Visto de fora, tudo se passou quase como um episódio sucessório da dinastia Bragança — ou talvez uma instância preeminente do “jeitinho” brasileiro —, expondo as tendências incongruentes, mas também conciliatórias, da civilização luso-brasileira: a insurreição foi uma reação aos revolucionários liberais de Portugal que queriam restringir as liberdades do Brasil e exigiam a volta do rei; a independência foi proclamada contra ele pelo príncipe herdeiro, que depois impôs uma Constituição às elites brasileiras, as quais o forçaram a legar a coroa ao seu filho e retornar a Portugal, onde precipitou uma guerra civil contra seu irmão.
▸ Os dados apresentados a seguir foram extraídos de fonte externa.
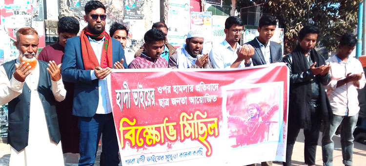 বেলা সাড়ে ১১টায় বিরামপুর ঢাকামোড়ে সন্ত্রাস ও দূর্ণীতি নির্মূলের দাবিতে বিক্ষোভ ও হাদির সুস্থ্যতা কামনা করে দোয়া অনুষ্ঠানে দোয়া পরিচালনা করেন, হাফেজ নূর মোহাম্মদ। এসময় উপস্থিত ছিলেন, ২৪এর জুলাই আন্দোলনের ছাত্র নেতা ফরিদুল ইসলাম, তোজাম্মেল হক, মোসাব্বির অর্ক, আবুল কালাম আজাদ, মারুফ মোরশেদ প্রমূখ।
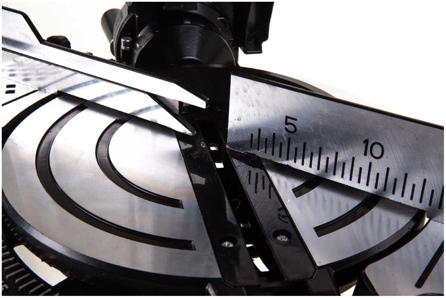 Точность зависит от ручной настройки и фиксации углов. При затягивании ручки поворотного стола может происходить смещение на 1-2 мм, что требует контрольного пропила и дополнительной подстройки. Лазерный указатель изначально помогает выставить линию, но при интенсивной работе он забивается опилками, снижая видимость. Для ответственных стыков (например, при отделке окон) рекомендуется использовать угольник для верификации. -
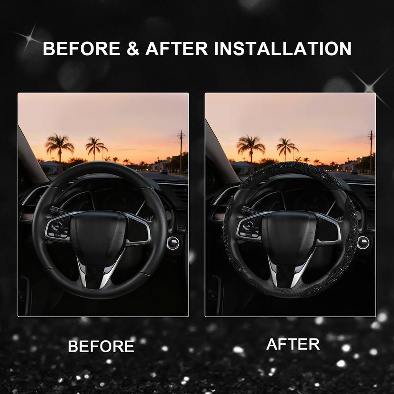 ABSOLUTELY LOVE IT!! It is so cute and sparkly. I have a D shaped steering wheel and I was able to still put all three pieces the regular way and it’s super cute and fit is super tight. It is made very well & stones all feel very secure.
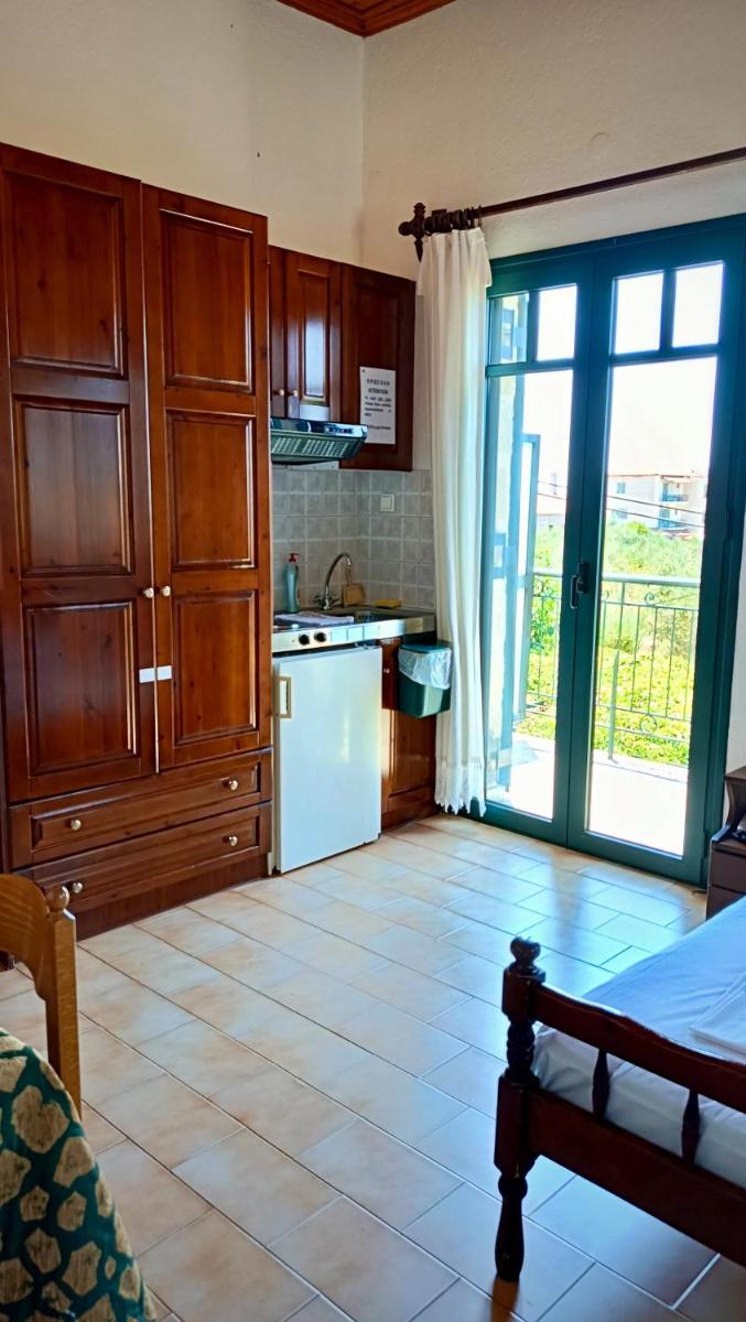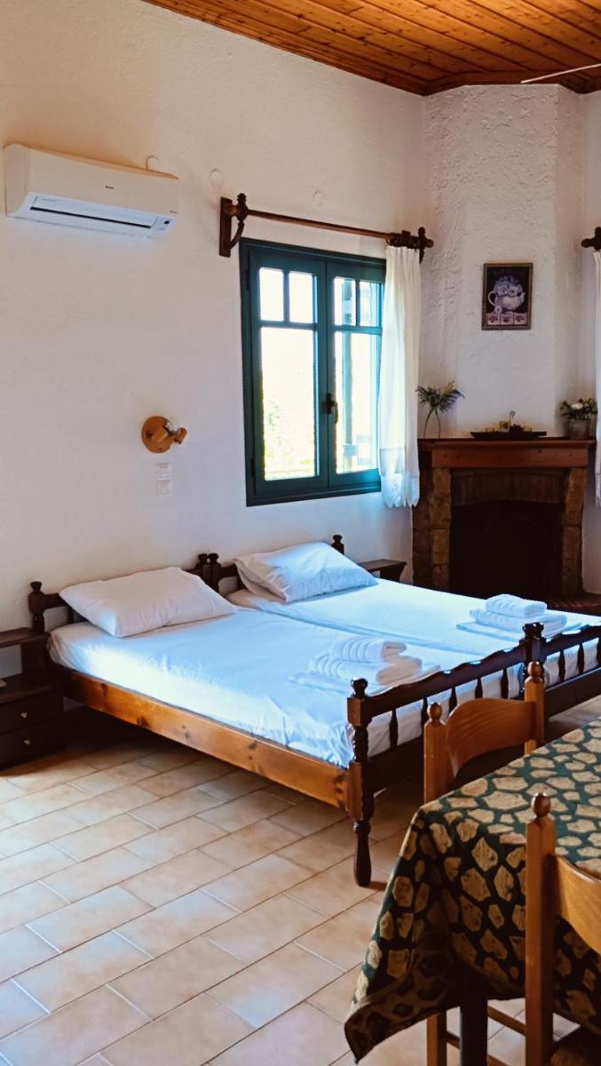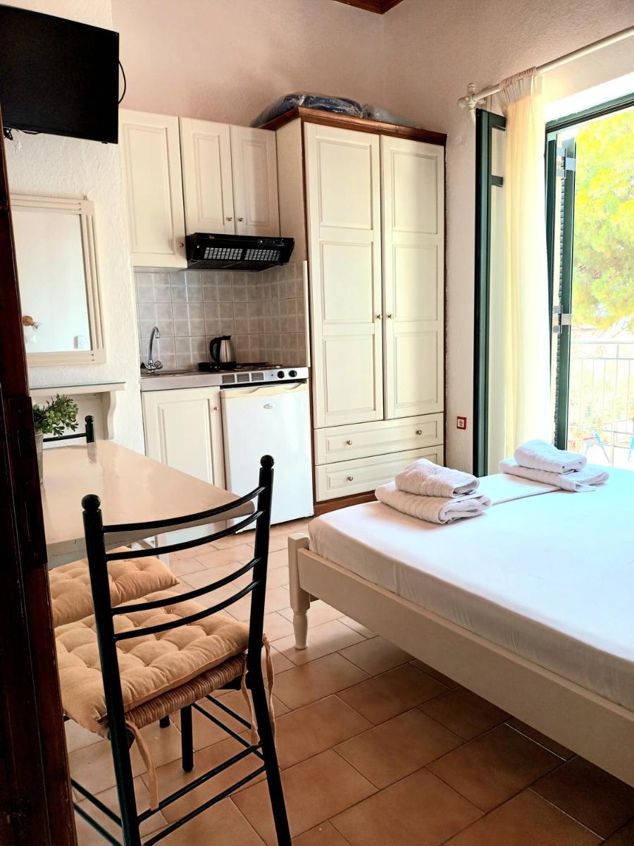 Opening to a furnished balcony, the air-conditioned studios are traditionally decorated with dark-wooden furnishings. Each features a kitchenette with fridge and cooking hobs, and a private bathroom with hairdryer. A fan and a TV with satellite channels are available, while a fireplace is also featured in some units.
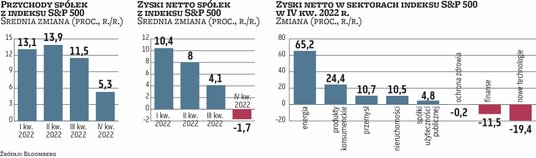 386 spośród spółek wchodzących w skład amerykańskiego indeksu S&P 500 opublikowało do czwartkowego otwarcia sesji raporty wynikowe za czwarty kwartał. Średni wzrost ich przychodów wyniósł 5,3 proc. rok do roku, podczas gdy w trzecim kwartale wynosił 11,5 proc. Zyski netto spadły natomiast średnio o 1,7 proc., podczas gdy kwartał wcześniej rosły one o 4,1 proc. To pierwszy od trzeciego kwartału 2020 roku spadek zysków spółek z S&P 500. Był on jednak powszechnie spodziewany. Czy ten sezon wyników przyniósł pozytywne niespodzianki?
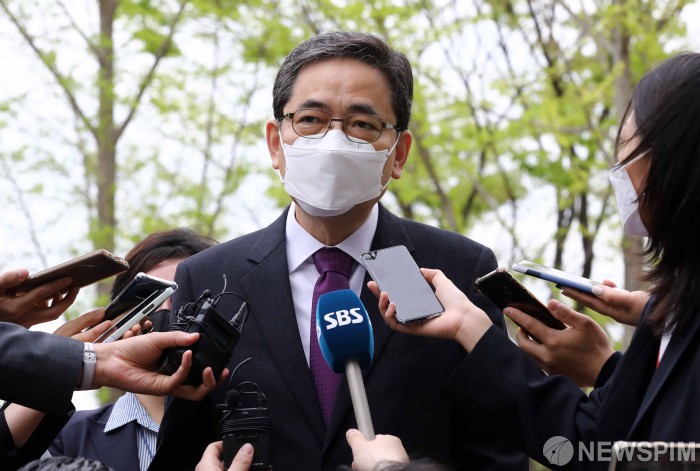 [과천=뉴스핌] 백인혁 기자 = 곽상도 국민의힘 의원이 지난 4월 23일 경기 과천시 정부과천청사 고위공직자범죄수사처에 항의 방문하기 앞서 취재진의 질문에 답하고 있다. 2021.04.23 dlsgur9757@newspim.com |
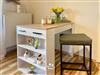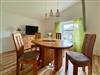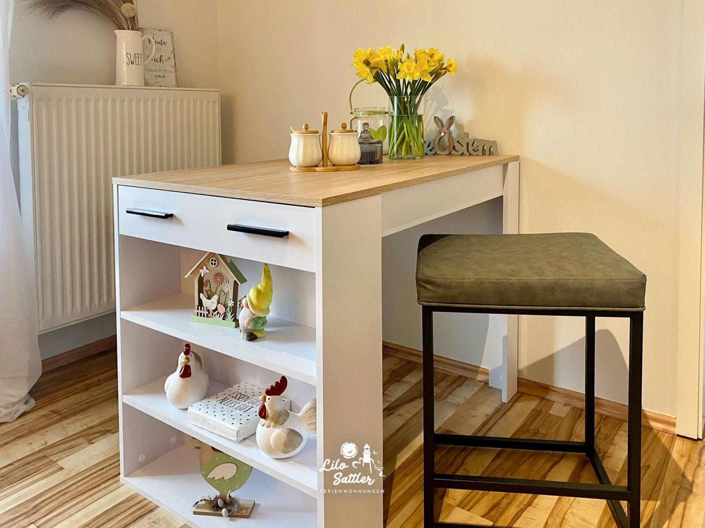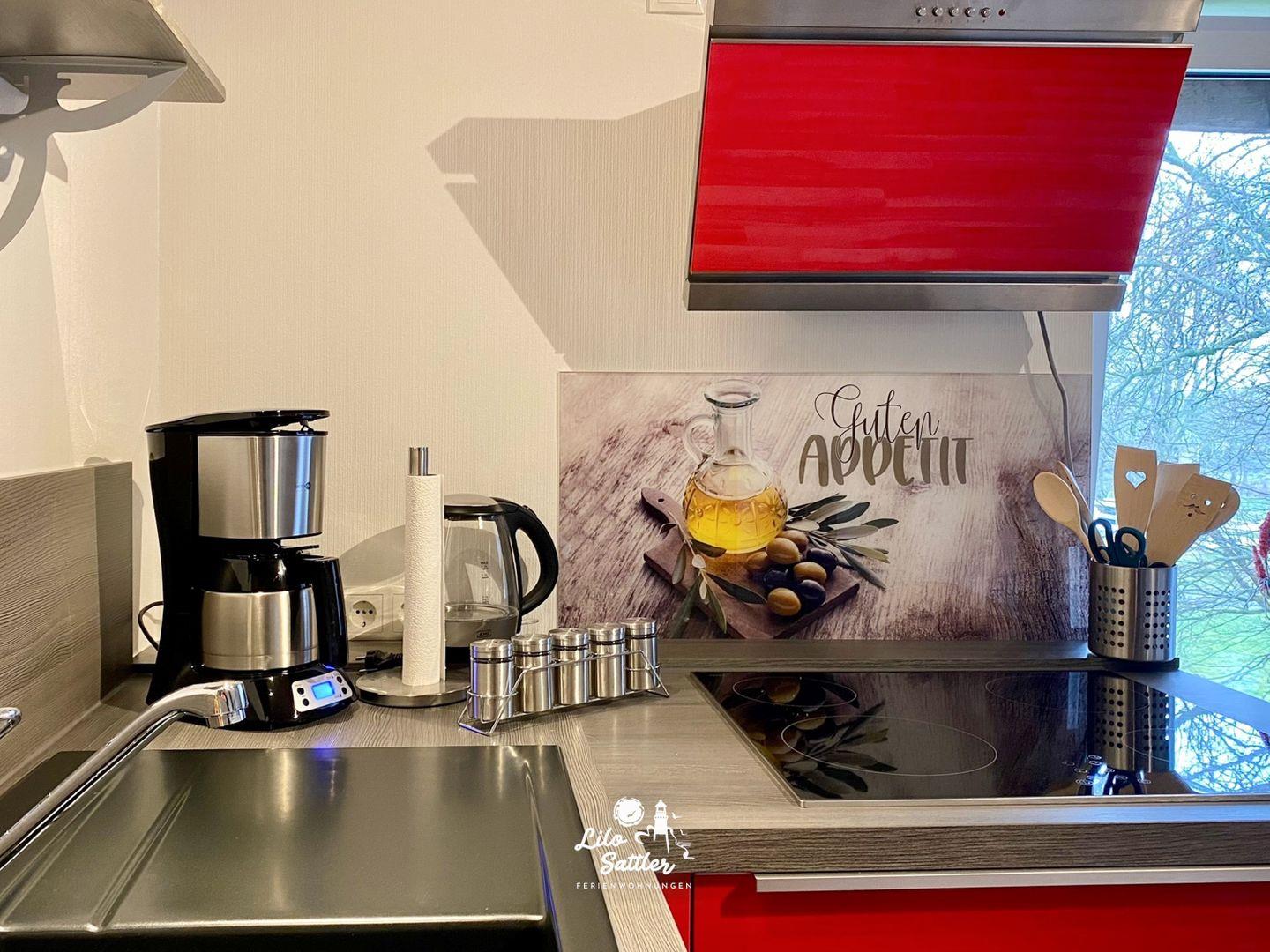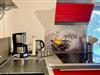 Backofen, Ceranfeld, Abzug, Kühlschrank, Spüle, Kaffeemaschine, Wasserkocher, Toaster, Esstisch mit Stühlen

Esta trama rocambolesca é em parte explicada pela transferência da corte para o Rio de Janeiro, que se transformou na capital de um império ultramarino — com todas as instituições públicas, civis e culturais condizentes com essa condição —, e em parte explica os contornos movediços das convulsões provinciais que pipocaram de norte a sul após a renúncia do imperador. Com nomes obscuros como Farroupilha, Sabinada ou Balaiada, algumas foram mero frisson das elites, outras explosões populares; algumas progressistas, outras reacionárias — ou uma mistura de tudo isso. A rebelião de caboclos do Pará conhecida como Cabanagem, por exemplo, terminou com a devastação da economia local, o extermínio de 20% da população e quase destruiu a capital, Belém. Mas sintomaticamente os cabanos nunca apresentaram demandas sistemáticas nem organizaram um programa de governo, limitando-se a gritar palavras de ordem contra estrangeiros, portugueses e maçons, e em favor da Igreja católica, Pedro II, o Pará e a liberdade.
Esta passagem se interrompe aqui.